# Ford Extended Warranty, Yes Or No?



## jfmasson (Oct 22, 2018)

Hello, 
I need an opinion from the Ford truck drivers. 
I just bought myself a 2016 F-150, 3.5 liter ecoboost to tow my Outback 250RS (getting it next monday). 
Truck has 57000 km on it. I am debating on getting the Ford extended warranty that would cover it bumper to bumper until 160000 km. 
I kept my older Ford too long and paid alot to keep it running (uncontrollable circumstances). 
Now I am very paranoid with big repair bills. 
Anybody have any problems with there F-150 Ecoboost? 
Is there a critical mileage where they start breaking down? 
Should I go for the extended warranty?
Twin turbo sounds cute and all but what I see is a whole lot more moving parts to wear and break. 
Any thoughts would be appreciated. 
Thanks


----------



## RickyandSamantha (Aug 27, 2018)

I have a 2015 3.5 Ecoboost, i pull 11,000lbs weekly, sometimes not far and sometimes far, i have 60,000 miles on mine and never had any issue. we get 12mpg while pulling our 250URS camper. power has no issue at all, i have the short bed 2wd max tow package. it doesn't take much to start swaying, i stay 65mph or less. But no issues with anything on the truck except the washer fluid pump stopped at about 50,000 miles.


----------



## deepvee16 (Jan 27, 2014)

Sure would be nice to have a crystal ball... We reluctantly bought an extended warranty on our current truck and our 2002 Ford when new. On the Ford the warranty paid for itself when a front wheel bearing failed shortly after the original warranty expired. Seems unusual to loose a wheel bearing anymore. When it failed, it took a bunch of other stuff with it. They call it consequential damage and were reluctant to cover portions of it, but they did.

Anyway, we were 200 miles from home, so with towing and repairs, the warranty was nice to have. In 2016 we bought a new Ram with extended warranty fearing the reliability of all the electronic gizmos these modern trucks have.

I guess it's just a roll of the dice! Have fun with your new toys.


----------



## jfmasson (Oct 22, 2018)

RickyandSamantha said:


> I have a 2015 3.5 Ecoboost, i pull 11,000lbs weekly, sometimes not far and sometimes far, i have 60,000 miles on mine and never had any issue. we get 12mpg while pulling our 250URS camper. power has no issue at all, i have the short bed 2wd max tow package. it doesn't take much to start swaying, i stay 65mph or less. But no issues with anything on the truck except the washer fluid pump stopped at about 50,000 miles.

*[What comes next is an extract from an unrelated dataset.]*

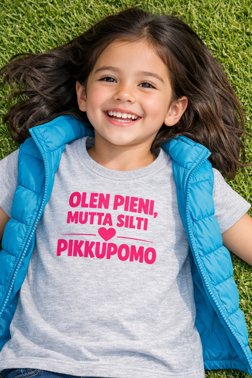 Kun PIKKUPOMO puhuu, myös pehmolelut kuuntelevat. Vaaleanharmaa paita ja pinkki teksti tekevät viestistä selkeän: pieni kyllä, mutta pomo silti. Mukava arkeen, leikkeihin ja kaikkiin hetkiin, kun säännöt sovitaan hymyssä suin.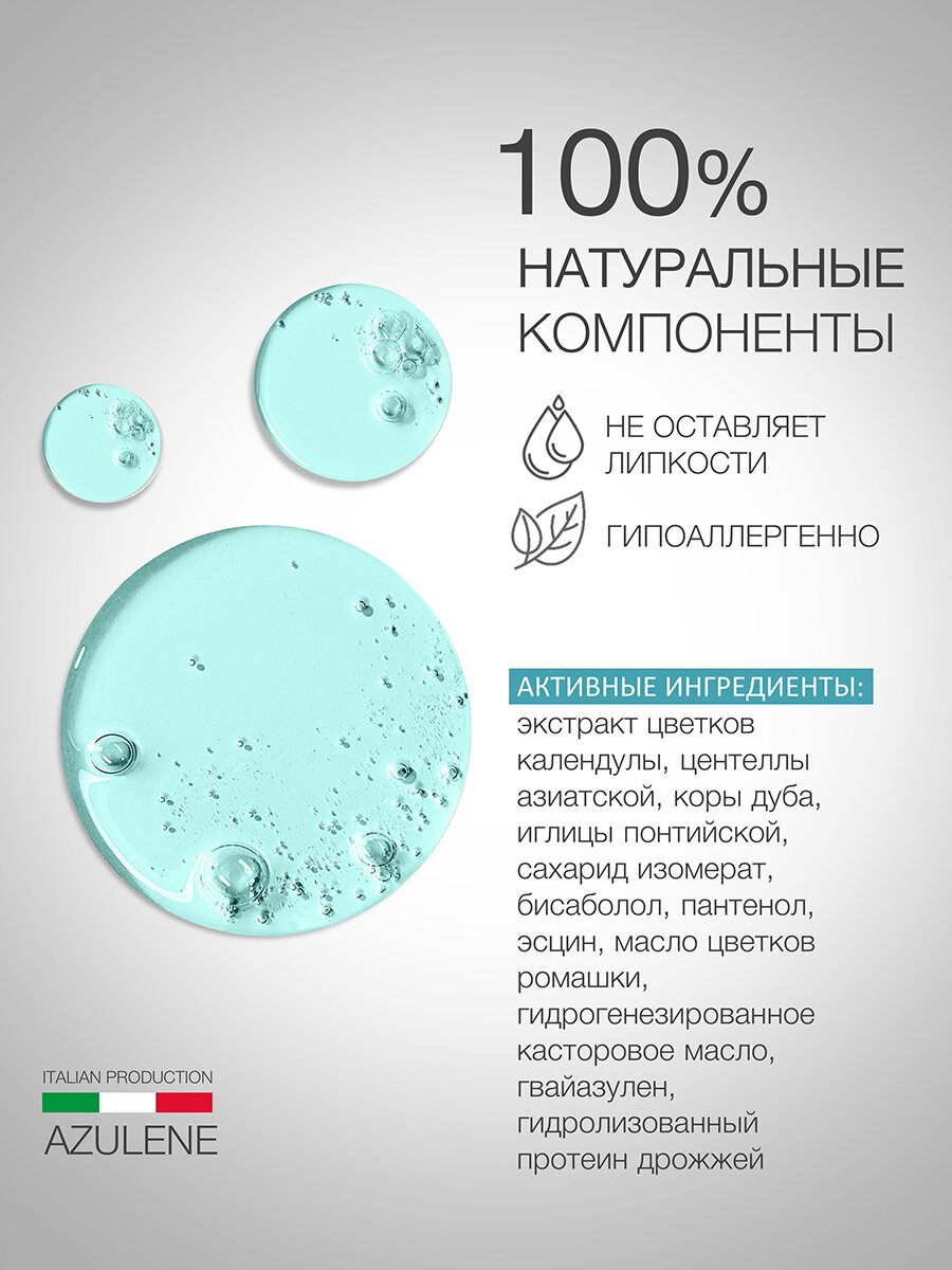 Функциональные ингредиенты: экстракт цветков календулы, экстракт центеллы азиатской, экстракт коры дуба, экстракт иглицы, пантенол, эсцин, масло цветков ромашки, ПЭГ-40 гидрогенезированное касторовое масло, гвайазулен, гидролизованные протеины дрожжей.

How do you get to 11000lbs with a 250URS? I have a 2011 250RS and max weight is marked at 7490 lbs


----------



## RickyandSamantha (Aug 27, 2018)

at work our equipment trailer is 11,000lbs. Our 250URS is also max at 7500. Just used my daily towing as a reference to say so far so good with my truck. we have only put 1500 miles on the camper this year but it tows that with no issue.


----------